RECORDED DATA =
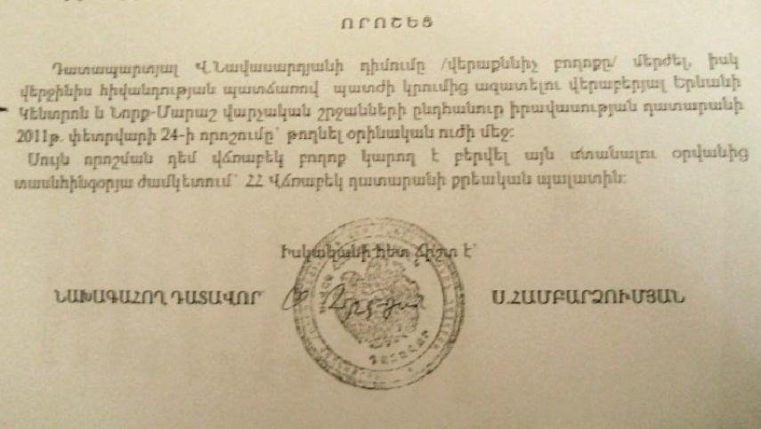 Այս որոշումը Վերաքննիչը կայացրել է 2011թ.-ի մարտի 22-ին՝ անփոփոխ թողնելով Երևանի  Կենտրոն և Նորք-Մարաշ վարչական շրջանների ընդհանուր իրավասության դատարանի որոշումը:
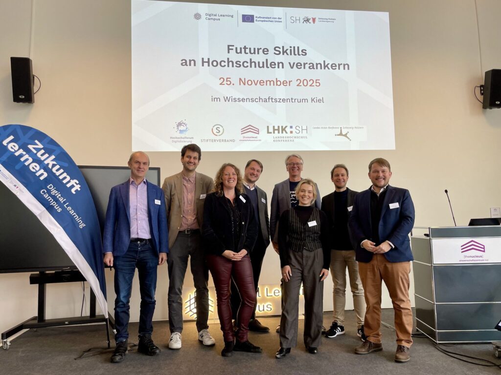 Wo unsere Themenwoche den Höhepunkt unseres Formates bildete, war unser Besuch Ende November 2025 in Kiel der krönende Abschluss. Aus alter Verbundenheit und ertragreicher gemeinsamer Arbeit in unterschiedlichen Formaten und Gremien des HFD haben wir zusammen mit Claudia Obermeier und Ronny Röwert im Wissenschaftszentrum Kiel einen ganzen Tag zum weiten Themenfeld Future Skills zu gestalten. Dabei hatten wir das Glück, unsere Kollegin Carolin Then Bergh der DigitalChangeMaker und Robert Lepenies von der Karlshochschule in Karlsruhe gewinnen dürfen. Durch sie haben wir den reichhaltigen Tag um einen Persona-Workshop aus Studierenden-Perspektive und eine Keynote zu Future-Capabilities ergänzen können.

* * *

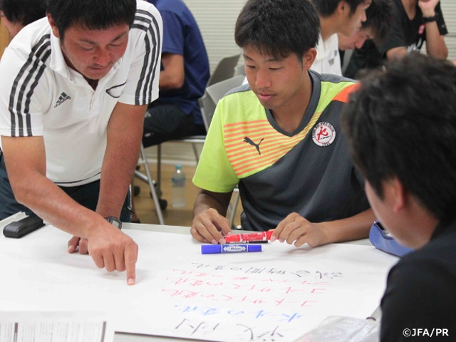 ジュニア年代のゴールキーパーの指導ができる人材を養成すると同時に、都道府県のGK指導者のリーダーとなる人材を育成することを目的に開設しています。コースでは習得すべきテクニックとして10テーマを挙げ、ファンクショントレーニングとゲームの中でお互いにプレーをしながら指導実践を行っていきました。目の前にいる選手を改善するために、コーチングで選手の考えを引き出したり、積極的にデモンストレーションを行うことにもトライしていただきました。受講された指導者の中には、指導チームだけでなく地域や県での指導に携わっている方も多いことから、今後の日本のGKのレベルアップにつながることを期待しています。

DESCRIPTION OF THE TASK = Within the material above, only the stretch from the line holding "Այս որոշումը Վերաքննիչը" through the line holding "Wo unsere Themenwoche" is to be restated exactly. Pictures are dropped.

REPLY TO THE TASK =
 Այս որոշումը Վերաքննիչը կայացրել է 2011թ.-ի մարտի 22-ին՝ անփոփոխ թողնելով Երևանի  Կենտրոն և Նորք-Մարաշ վարչական շրջանների ընդհանուր իրավասության դատարանի որոշումը:
 Wo unsere Themenwoche den Höhepunkt unseres Formates bildete, war unser Besuch Ende November 2025 in Kiel der krönende Abschluss. Aus alter Verbundenheit und ertragreicher gemeinsamer Arbeit in unterschiedlichen Formaten und Gremien des HFD haben wir zusammen mit Claudia Obermeier und Ronny Röwert im Wissenschaftszentrum Kiel einen ganzen Tag zum weiten Themenfeld Future Skills zu gestalten. Dabei hatten wir das Glück, unsere Kollegin Carolin Then Bergh der DigitalChangeMaker und Robert Lepenies von der Karlshochschule in Karlsruhe gewinnen dürfen. Durch sie haben wir den reichhaltigen Tag um einen Persona-Workshop aus Studierenden-Perspektive und eine Keynote zu Future-Capabilities ergänzen können.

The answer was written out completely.